While Lynn’s ruling “might make that task harder and more politically distasteful, the new Department of Labor under Trump is still in the driver’s seat. However, I think it is fair to expect that opinions such as this one will embolden supporters of the fiduciary rule who will ultimately seek to challenge the new Department of Labor in court. It seems the situation will get messier before the industry has reliable clarity.”

Fred Reish, partner in Drinker Biddle & Reath’s employee benefits and executive compensation practice group in Los Angeles, agreed that even with Lynn’s ruling, “It is still possible that the Trump DOL will take a different political position and delay and modify or delay and kill the fiduciary rule. But, this is one less reason that they can use for that purpose.”

Instead, DOL “will need to conclude that the fiduciary rule limits access of plans and IRA owners to needed investment advice and/or increases the cost of that advice by amounts that exceed any offsetting benefits of the rule,” Reish adds. “At this point, I think that there is distinct possibility that the DOL will make those findings.”

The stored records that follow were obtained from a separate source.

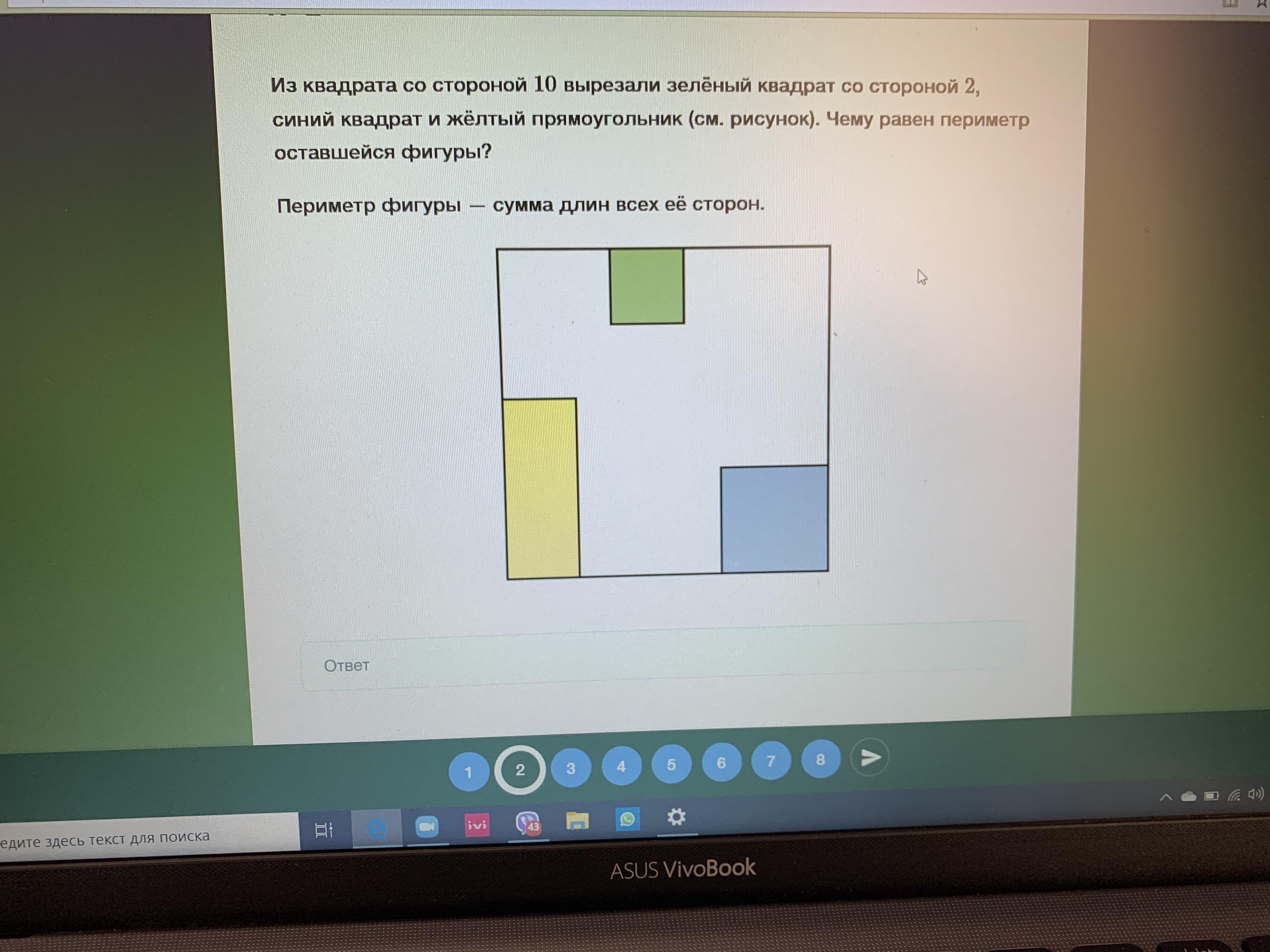 Из квадрата со стороной 10 вырезали зелёный квадрат со стороной 2, синий квадрат и желтый прямоугольник (см.рисунок). Чему равен периметр оставшейся фигуры?ПРОШУ СРОЧНО
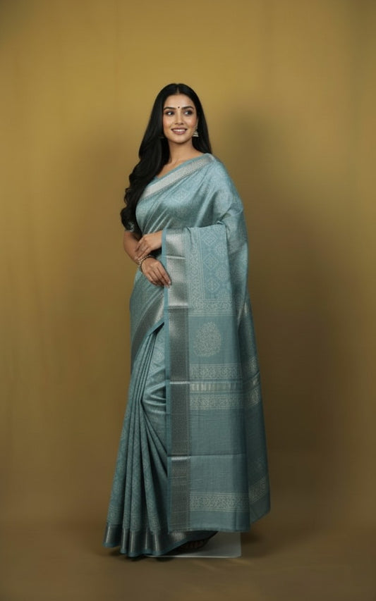 Handblock printing is not just an art, it’s a conversation between the artisan’s soul and pure silk. Every press of the block breathes life into the fabric, making your saree one-of-a-kind in the world. Draping it is draping a story of heritage, patience, and unmatched beauty. A treasure like this isn’t found, it’s claimed.
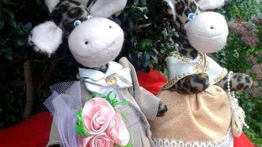 Однажды, однажды, Однажды, однажды Гуляли жирафы По улице важно. Э. Успенский https://poemata.ru/poets/uspenskiy- eduard/zhirafy/ Как в стихотворении Эдуарда Успенского, моя пара жирафов выглядит нарядно и празднично. В самый раз для прогулки и свидания. Расскажу историю создания этой пары игрушек. Обратился ко мне молодой человек, посоветоваться по поводу подарка на день рождения своей возлюбленной. Оказалось, что она любит жираф и собирает коллекцию с этими грациозными животными...
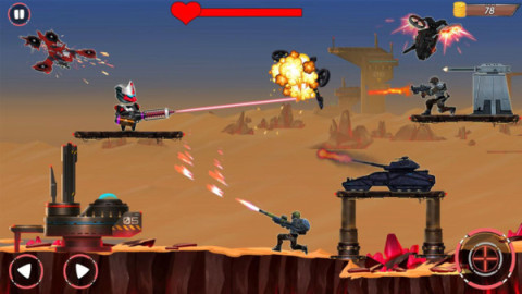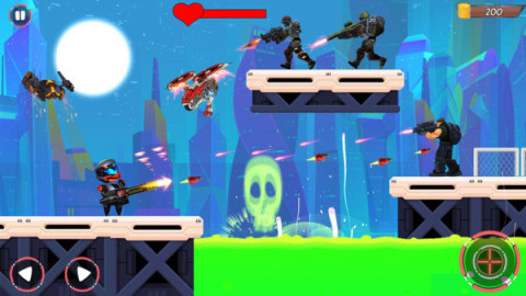 金属风暴部队是一款卡通风格动作射击类冒险游戏。玩家将在游戏中化身成为未来战士,使用高科技武器将敌人全部消灭。游戏的操作是非常简单的,灵活的躲避敌人的攻击,不要让自己受伤。你可以使用金币来解锁更多的武器,喜欢的话就来下载吧!
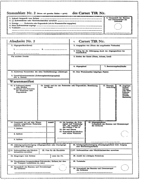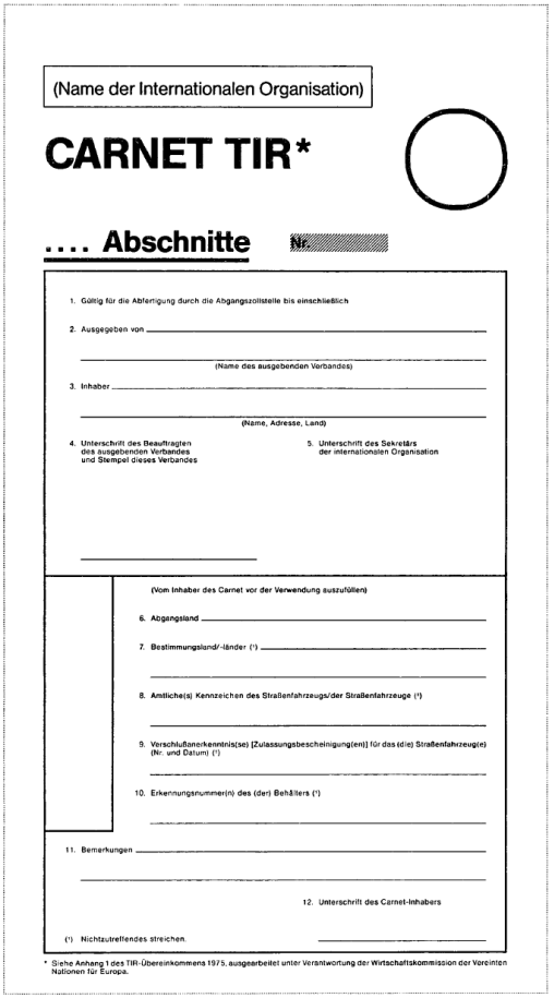 - 6. Zahl der Abschnitte: Wird der Transport nur über ein Abgangszollamt und ein Bestimmungszollamt durchgeführt, so muß das Carnet TIR mindestens zwei Abschnitte für das Abgangsland, zwei Abschnitte für das Bestimmungsland und zwei Abschnitte für jedes Durchgangsland enthalten, Für jedes zusätzliche Abgangszollamt (oder Bestimmungszollamt) sind zwei weitere Abschnitte erforderlich.

Said Reish: “So, where are we? We are still waiting to see if the DOL will delay the applicability date of the fiduciary rule. Once that happens, the next steps will unfold. I suspect that we will be watching this in slow motion for at least another year.”

Micah Hauptman, financial services counsel for the Consumer Federation of America, added that Lynn’s ruling is now “the third opinion that demolishes all of the industry opponents’ arguments. The opinion chronicles how DOL engaged in a robust economic analysis proving the need for the rule, shows that the DOL’s regulatory approach was the product of reasoned decisionmaking, and validates the DOL’s analysis that the rule will benefit retirement savers. It also refutes the industry lobbyists’ claims that the rule is somehow unworkable. The judge clearly was not buying the industry lobbyists’ sky-is-falling claims and nobody else should either.” 

The U.S. Justice Department on Wednesday, representing the Labor Department, asked Lynn to postpone issuing her ruling in the case brought against Labor’s fiduciary rule.

In the Wednesday filing, DOJ told Lynn that “it would not serve judicial economy to issue a ruling at this point; nor would it be efficient for this Court, for the Court of Appeals for this Circuit, or for the parties to be confronted by a range of appellate issues at this time.”

DOJ cited that Labor is “carefully reviewing the issues raised” in President Donald Trump’s Feb. 3 memorandum telling Labor to review the fiduciary rule “with the immediate goal of deciding the best course of action to implement its spirit and intent.”

As noted by acting Labor Secretary Edward Hugler, Labor, DOJ wrote, “is assessing its legal options for delaying the applicability date (the first of which is April 10). Moreover, the outcome of the department’s review may differ in relevant ways from the April 8, 2016 rulemaking challenged by Plaintiffs.”

For example, DOJ continued, “although the department conducted an exhaustive regulatory impact analysis in this rulemaking, its cost-benefit analysis was challenged in this litigation and could be updated. The rulemaking may additionally be ‘revised or rescinded.’”

Further, DOJ stated, “a judicial decision on a rulemaking as complex as this while the department is undertaking the examination and potential promulgation of a proposal pursuant to the Presidential Memorandum can be expected to cause confusion with the affected public, whether parties to this litigation or not.”

Therefore, DOJ said that “defendants respectfully request that the court stay the proceedings in this action pending the results of the review directed by the president.”

Defendants, rather, propose that an “initial joint status report be due on March 10, 2017, to update the court on the department’s actions and address whether a continued stay is warranted.”